Question

Bfast And Mpileup - How Time Consuming?

1

Entering edit mode

14.0 years ago

Travis ★ 2.9k

Hi all,

I need to make an approximate prediction (in terms of days) on how long it would take to:

Align 150 samples each consisting of 10 million 100bp Illumina paired end reads to the human genome and run mpileup for each.

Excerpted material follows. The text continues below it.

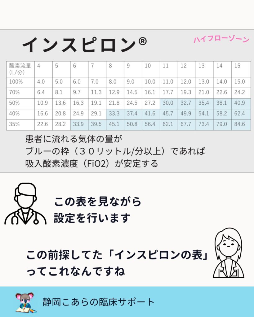 この設定表は、酸素療法を“感覚”から“理解”へ移すためには欠かせません。

The machine I have at my disposal has 256 GB of RAM and 4x6 core 3500MHz processors for a total of 24 cores. The storage is a locally attached RAID5 SCSI.

Apologies if any pertinent details are missing - I am having to calculate these things in the absence of any practical experience!

Thanks in advance.

samtools snp hardware • 5.9k views

ADD COMMENT • link 14.0 years ago by Travis ★ 2.9k

2

Entering edit mode

Any chance you can run 1 sample to use as a baseline? The good news is you have plenty of memory and a scsi storage. A couple of tips that can boost up the speed: 1. Load your indexes and reference in memory. 2. create a filesystem with raid0 for bfast to perform scratches.

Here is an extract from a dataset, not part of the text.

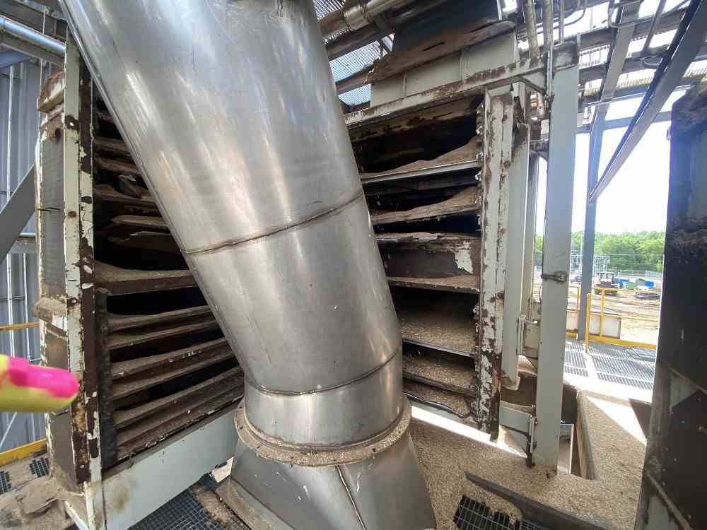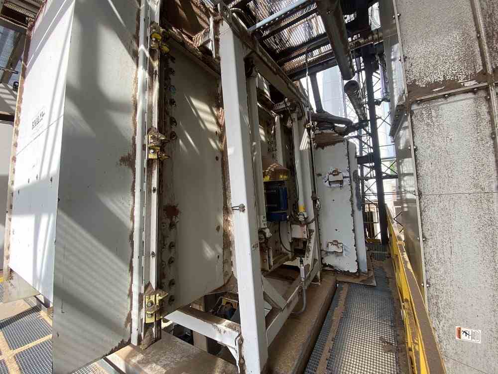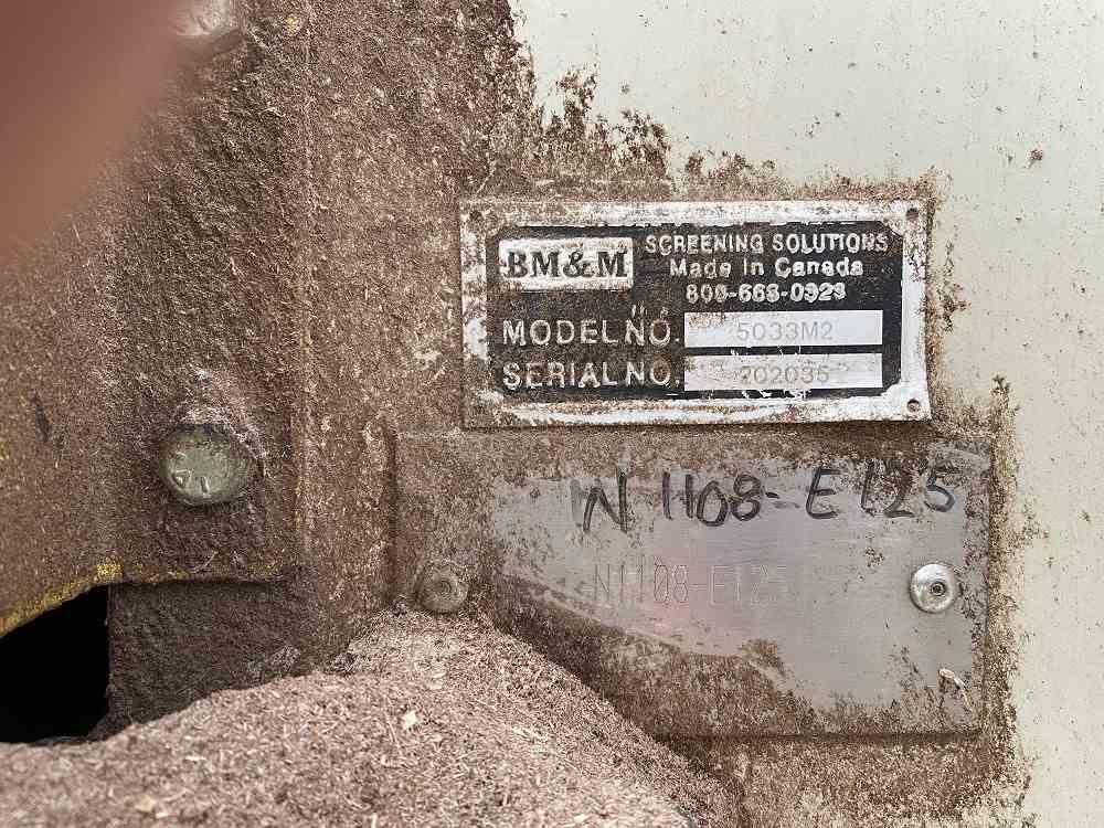 Used 57" Wide Multi Screen Rectangular Screener. Manufactured by BM&M. Model 5033M2. Super-Deck M. First level: (12) 10 Mesh 57" x 60" T304 SS screens. Second level: (12) 20 Mesh 57" x 60" T304 SS Screens. 5 degree slope. Infeed and Outfeed. Rubble collector. 6" Dust ports. Frame Mounted. Serial #202035.

ADD REPLY • link 14.0 years ago by Drio ▴ 920

1

Entering edit mode

are those 150 barcoded, or do you have to process them 1 by 1? I won't be able to give you timings, but sure it will help anyone able to do so. also, knowing the processors' speed and the type of storage you have will definitely be of great help too.

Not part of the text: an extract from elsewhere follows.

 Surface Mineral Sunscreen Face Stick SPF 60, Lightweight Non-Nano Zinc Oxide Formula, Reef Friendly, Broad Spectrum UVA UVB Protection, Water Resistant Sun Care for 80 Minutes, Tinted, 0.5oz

ADD REPLY • link 14.0 years ago by Jorge Amigo 14k

1

Entering edit mode

My suggestion would be to run 1 million reads of one of your samples through your pipeline, then multiple by 1500 to get a ballpark estimate. In addition to getting timing estimates, I find this helps with debugging any issues to help the actual run be hands off.

ADD REPLY • link 14.0 years ago by Brad Chapman 9.7k

0

Entering edit mode

Thanks guys. I have added the further detail to the question also.

ADD REPLY • link 14.0 years ago by Travis ★ 2.9k

0

Entering edit mode

Also - I cannot perform any tests at the minute as I am awaiting admin permission to deploy new software on our server!

ADD REPLY • link 14.0 years ago by Travis ★ 2.9k

0

Entering edit mode

Thanks for the tips but RE the testing one sample, the answer is above your question :)

ADD REPLY • link 14.0 years ago by Travis ★ 2.9k

0

Entering edit mode

are you decided on bfast or might you be using another aligner? The thing is that bfast can work in different modes of precision, eg. depending on the number of genome indices used. This would make much difference in terms of memory used and therefore in the number of processed that can be run in parallel on your machine.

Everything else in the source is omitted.